I found a nice proof of the linear regression formulas by using physical springs in Mark Levi's Mathematical Mechanic on page 43.
Linear Regression (The Best Fit) via Springs Imagine a collection of data points $(x_i, y_i)$ in the plane. We are asked to find the straight line $y = ax +b$ that best fits this set of data. What does “best” mean? To answer this, for each $x_i$ we think of $y = ax_i+b$ as the predicted value, while $y_i$ is the observed or measured value. The mismatch between these two values is $y_i − (ax_i + b)$, called the error (figure 3.4). “Best line” here means the line for which the sum of squares of the errors is minimal. The precise formulation of the problem of best fit, also called the problem of linear regression, follows.
Problem Given $N$ data points $(x_k , y_k)$ in the plane, find the straight line $y = ax + b$ which fits these data best in the sense of minimizing the sum of squares of errors $$ S(a, b) = \sum_{i=1}^N{(y_i-(ax_i+b))^2} \tag{3.1} $$
The unknowns in this problem are the slope $a$ and the intercept $b$ of the “best” straight line. The standard method to find the minimum of (3.1) is to set the partial derivatives with respect to $a$ and $b$ to zero. Here is a mechanical shortcut to the answer.
Solution The unknown straight line is to be imagined as a rigid rod (figure 3.5). Let us pass the rod through frictionless sleeves constrained to vertical lines $x = x_i$ by frictionless guides. Each sleeve is connected to a nail (hammered into a data point) by a zero-length spring. Let us take Hooke’s constant to equal, so that the potential energy of each spring is simply the square of its length. The sum (3.1) has now acquired a physical meaning of potential energy!
If the sum of squares is minimal, then the potential energy of our mechanical system is minimal, and consequently the rod is in equilibrium. The only forces the rod “feels” are the normal reactions $F_i$ from the sleeves; the sum of these forces vanishes, as does the sum of their torques relative to the point of intercept $A$: $$ \sum_{i=1}^NF_i = 0 \tag{3.2} $$ $$ \sum_{i=1}^Nd_iF_i = 0 \tag{3.2} $$ where $d_i$ is the distance from the intercept to the sleeve. Note that $d_i \cos{\alpha} = x_i$ . Now to get an expression for $F_i$ , consider the balance of forces upon the sleeve. The sleeve feels
(i) the reaction force $−F_i$ from the rod
(ii) the pull of the spring, $y_i − (ax_i +b)$, and
(iii) the reaction from the guide in the $X$ direction.
Only two of these forces have nonzero $Y$ components, and they are in balance: $F_i \cos{\alpha} = y_i − (ax_i + b)$. Using these expressions for $d_i$ and $F_i$ in (3.2) we obtain
$$ \sum{Y}-a\sum{X}-Nb = 0 \tag{3.3} $$ $$ \sum{XY-a\sum{x^2}-b\sum{X}} =0 \tag{3.3} $$
This is a system of two equations with two unknowns a and b which, when solved, produces the “best” slope and intercept.
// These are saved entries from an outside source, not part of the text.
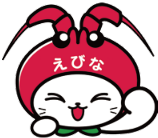
海老名市イメージキャラクター えび~にゃ

「ME-BYO スタイル」とは、手軽にできる「未病の改善」の方法を生活習慣に取り入れたライフスタイルのことです。 「ME-BYO (未病)」に親しみをもち、日常生活の中で未病改善できるコンテンツ等を神奈川 ME-BYO スタイルアンバサダーと一緒にお届けします。
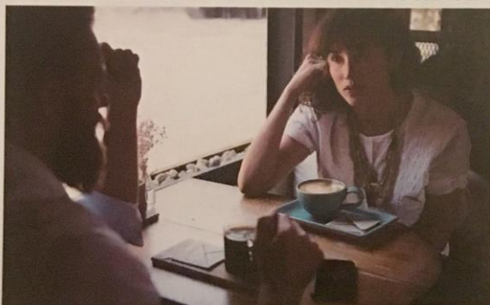
SOUTIEN PAR QUELQU'UN DE SON ENTOURAGE
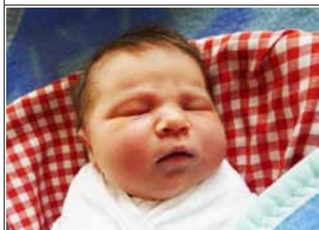
Córka Angeliki z Białej Drugiej
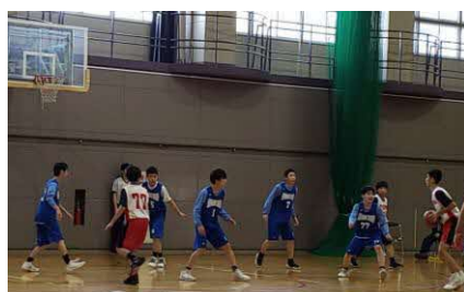
【男子バスケットボール部の試合の様子】
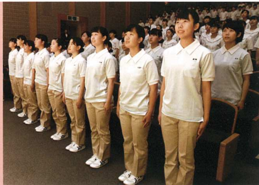
福志式(健康福祉科)

Note that the same result (3.3) can be obtained directly by setting partial derivatives of the error in (3.1) to zero.
The images (referenced in the above paragraph) and some footers can be seen by following the second, third and first link respectively.
My question
Is this a valid mathematical proof or just a nice new insight? Is there any obvious logical fallacy here?